Sept 30, 2003
IN NANJING, FROGMARCHED through an old but well-preserved wooden building where, in 1945, representatives of the Chinese Red Army met with the Guomindang nationalists in a bid to settle the civil war, dozens of hungry tourists are shown the bed on which Chairman Mao's trusted lieutenant, Zhou Enlai, slept, as well as the desk at which he presumably made his notes and the ashtray where he may well have stubbed out his cheroots.
Clearly, there is no way of deciding whether or not the ashtray is genuine, and if indeed the nondescript pot was installed at a later date, the decorators may not even have been especially concerned with its authenticity. After all, who - apart from Running Dog, still craving nicotine - would give it any particular regard? The attention to detail, however pointless, is remarkable, and as we slouch through the main building, we notice Zhou Enlai's briefcase, a collection of identity cards, and a large 1940s saloon car that apparently also belonged to him.
If evidence from the city of Nanjing is anything to go by, history can be viewed either as political propaganda, or as postcards, and neither can be considered especially accurate. Joining a small tour group on a whistlestop journey throughout the city, Running Dog was shown the paraphernalia of the Ming courts, intricate carvings and clay sculpture from the Six Kingdoms, the august statues of Confucius and half a dozen martyrs of the Japanese invasion, and an imposing, unsettlingly well-kempt shrine to "the hero of the Republican Revolution", Sun Yatsen. We were also taken to see the picturesque white stone bridges, and the antique charms of countless double-gabled houses, most of which had been fastidiously "renovated" - sometimes built from scratch, as if in homage not to how things were, but how they ought to have been - in the 1980s.
Nanjing, the former imperial capital, has suffered more from the trials of history than most. At the museum dedicated to the memory of the Taiping Heavenly Kingdom, which blazed through central China in the period after the First Opium War and eventually set up its capital in Nanjing in 1853, the official line regarding their struggle is emblazoned on placards and busts and doorways. While they managed to awaken the latent revolutionary desire of the Chinese peasantry, the Taipings were insufficiently apprised of the nature of the class struggle, and for that reason failed.
That is certainly one way of looking at it. The central government still fears spiritual awakenings, and the chaos caused by these impoverished, largely illiterate zealots over a century ago might be one of the reasons why the current government has stamped down so hard on the pseudo-Buddhist cult known as the Falungong.

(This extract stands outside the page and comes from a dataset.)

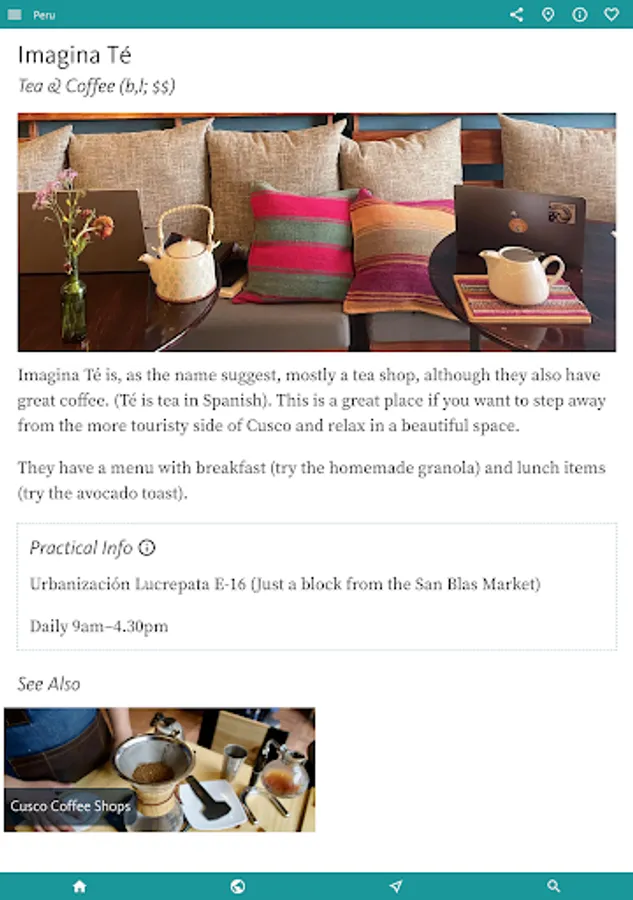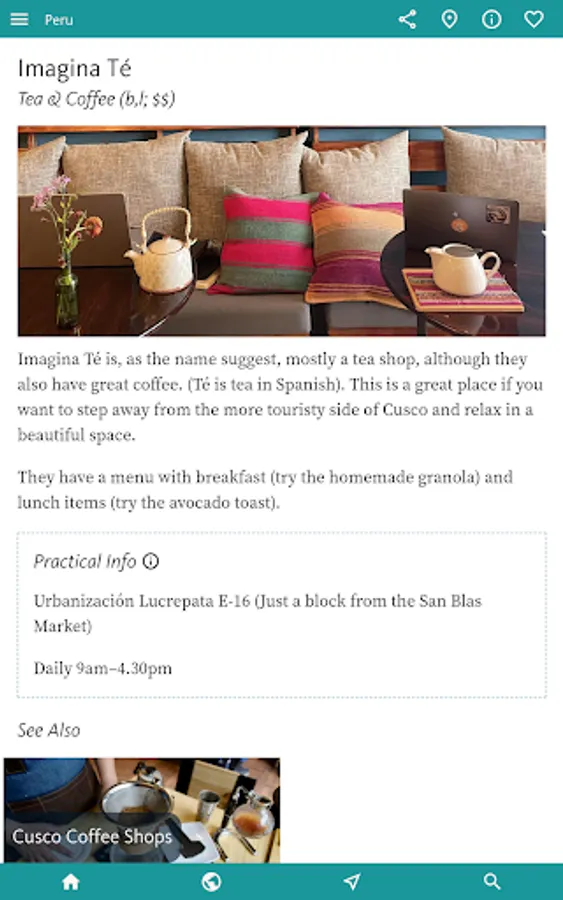 Finally, the app details a handpicked selection of RESTAURANTS & CAFES, many located near key sights. There’s also a little on SHOPS & SHOPPING with special emphasis on the many exceptional MARKETS.

And yet, the old line about these proto-revolutionaries, insisted upon by Chairman Mao, remains intact, and it is surprising - notwithstanding a variety of ideological add-ons invented to justify the comprehensive volte-face of the last twenty years - how much the old dogmas are repeated. Continuity is crucial to legitimacy, and the Communist Party, brought into power on the promise of sweeping away divisions and ending national humiliation, must now try to square those commitments with the vast and diametric changes that have taken place over the last two decades throughout the country, most of which have very little to do with the class struggle or the elimination of private capital.
The shrine to the Taiping rebels is full of arcane constitutional minutiae and hundreds of insane battle plans, many of which seemed to gain success through sheer force of will. The will in question was that of Hong Xiuquan, who after a chance encounter with missionaries believed that he was the Son of God. Hong - who failed to make it into the imperial establishment - was driven, of course, by the age-old quest for recognition and retribution, not unlike Chairman Mao himself.